TASK BRIEF => Go through the listing below and retype exactly the lines starting at the one with "บุผ้าสองชั้น, ร้อนจัด, ต่อต้านริ้วรอยลักษณะ" and ending at the one with "O XIX Colóquio", skipping pictures.

DATA FOR THIS TASK =>

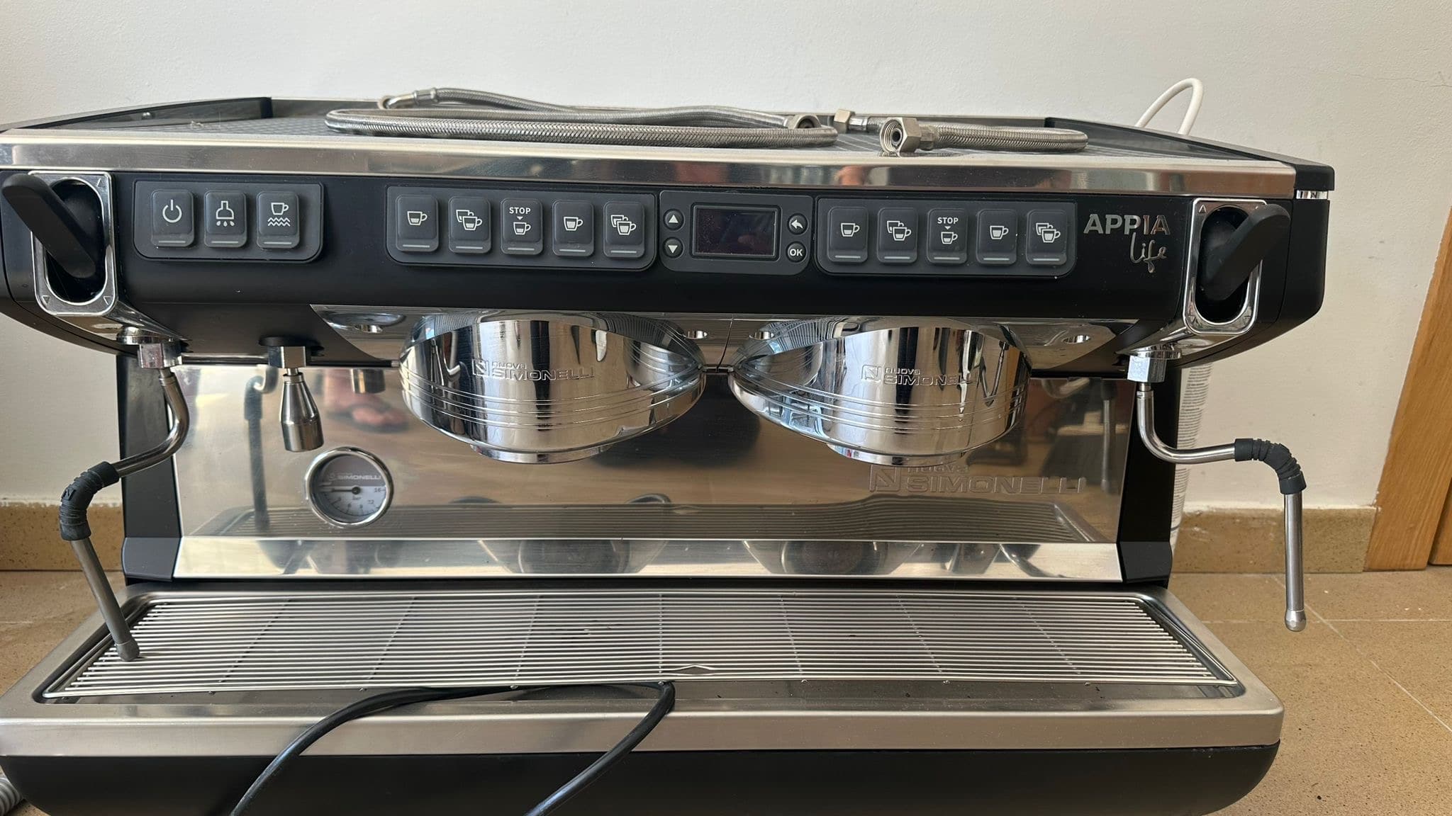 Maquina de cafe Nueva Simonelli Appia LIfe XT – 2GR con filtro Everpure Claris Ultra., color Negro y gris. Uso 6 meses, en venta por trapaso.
* * *
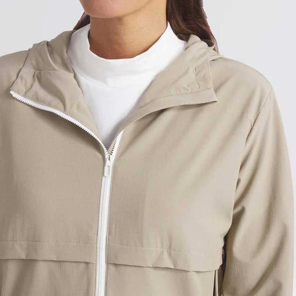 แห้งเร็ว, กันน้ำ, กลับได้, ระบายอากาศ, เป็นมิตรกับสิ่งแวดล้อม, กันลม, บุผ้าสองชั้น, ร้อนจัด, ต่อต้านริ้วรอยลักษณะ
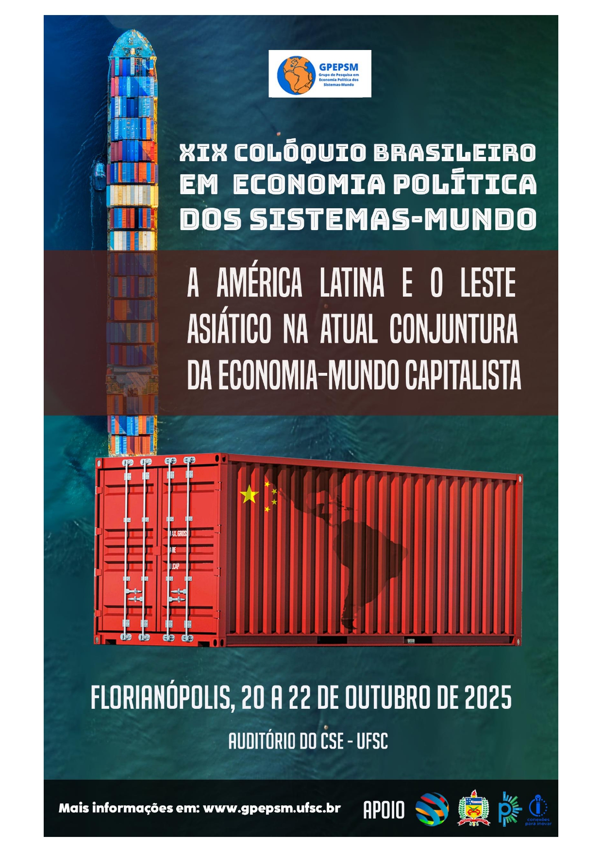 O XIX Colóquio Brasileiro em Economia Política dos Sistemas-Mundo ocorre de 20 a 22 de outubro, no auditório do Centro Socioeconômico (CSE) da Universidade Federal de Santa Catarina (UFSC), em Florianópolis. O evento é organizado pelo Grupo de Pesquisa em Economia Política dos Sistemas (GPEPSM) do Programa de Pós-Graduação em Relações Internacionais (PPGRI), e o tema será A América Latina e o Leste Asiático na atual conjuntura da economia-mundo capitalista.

EXERCISE OUTPUT =>
 แห้งเร็ว, กันน้ำ, กลับได้, ระบายอากาศ, เป็นมิตรกับสิ่งแวดล้อม, กันลม, บุผ้าสองชั้น, ร้อนจัด, ต่อต้านริ้วรอยลักษณะ
 O XIX Colóquio Brasileiro em Economia Política dos Sistemas-Mundo ocorre de 20 a 22 de outubro, no auditório do Centro Socioeconômico (CSE) da Universidade Federal de Santa Catarina (UFSC), em Florianópolis. O evento é organizado pelo Grupo de Pesquisa em Economia Política dos Sistemas (GPEPSM) do Programa de Pós-Graduação em Relações Internacionais (PPGRI), e o tema será A América Latina e o Leste Asiático na atual conjuntura da economia-mundo capitalista.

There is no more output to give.